Classification support:

Deprecated classification support:
–parseTaxonNames: true
–mapDB: /NCBI_TAXONOMY_MALT/megan-nucl-Jan201.db
–noFun: false

Other:
–firstWordIsAccession: true
–accessionTags: gb| ref|
–firstWordOnly: false
–random: 666
–hashScaleFactor: 0.9
–buildTableInMemory: true
–extraStrict: false
–verbose: true

Version MALT (version 0.5.3, built 4 Aug 2021)
Author(s) Daniel H. Huson
Copyright © 2021 Daniel H. Huson. This program comes with ABSOLUTELY NO WARRANTY.

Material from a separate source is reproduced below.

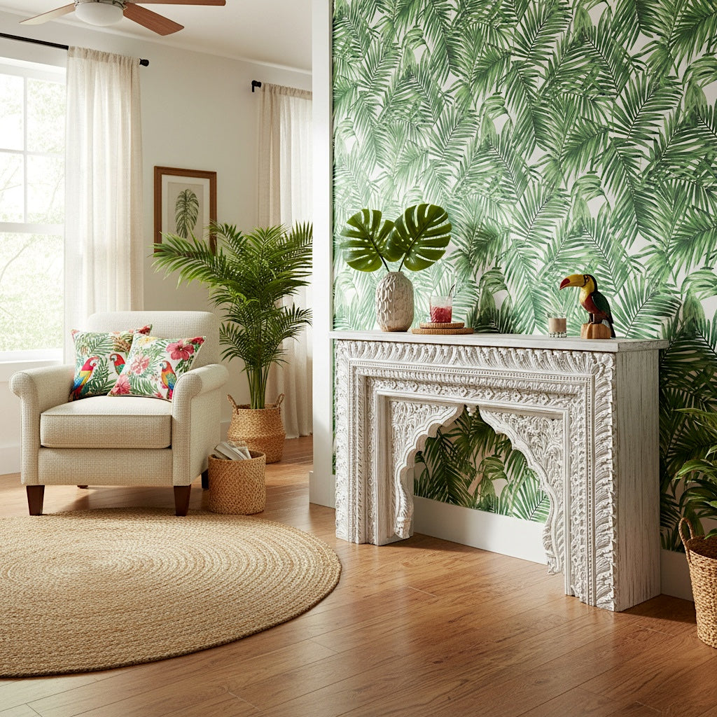 Hand-Carved Wooden Console Table “Ashama” – Distressed White Finish - 130 cm
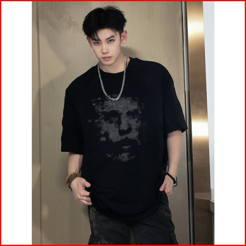 Auzy Hitam Smudge Trendi Kasual Kaos Pria Wanita Atasan Lengan Pendek T-shirt Skena Baju Oversize T Shirt Distro Origina

Classifications to use: Taxonomy
Reference sequence type set to: DNA
Seed shape(s): 111110111011110110111111
Deleting index files: 3
Number input files: 722

Loading FastA files:
100% (0.1s)

Caught:
java.lang.ArrayIndexOutOfBoundsException: Index -70 out of bounds for length 127
at malt/malt.data.DNA5.getNormalized(DNA5.java:64)
at malt/malt.io.FastAFileIteratorBytes.next(FastAFileIteratorBytes.java:159)
at malt/malt.data.ReferencesDBBuilder.loadFastAFile(ReferencesDBBuilder.java:179)
at malt/malt.data.ReferencesDBBuilder.loadFastAFiles(ReferencesDBBuilder.java:162)
at malt/malt.MaltBuild.run(MaltBuild.java:269)
at malt/malt.MaltBuild.main(MaltBuild.java:70)
at java.base/jdk.internal.reflect.NativeMethodAccessorImpl.invoke0(Native Method)
at java.base/jdk.internal.reflect.NativeMethodAccessorImpl.invoke(NativeMethodAccessorImpl.java:62)
at java.base/jdk.internal.reflect.DelegatingMethodAccessorImpl.invoke(DelegatingMethodAccessorImpl.java:43)
at java.base/java.lang.reflect.Method.invoke(Method.java:564)
at com.install4j.runtime/com.exe4j.runtime.LauncherEngine.launch(LauncherEngine.java:84)
at com.install4j.runtime/com.install4j.runtime.launcher.UnixLauncher.start(UnixLauncher.java:66)
at install4j.malt.MaltBuild.main(Unknown Source)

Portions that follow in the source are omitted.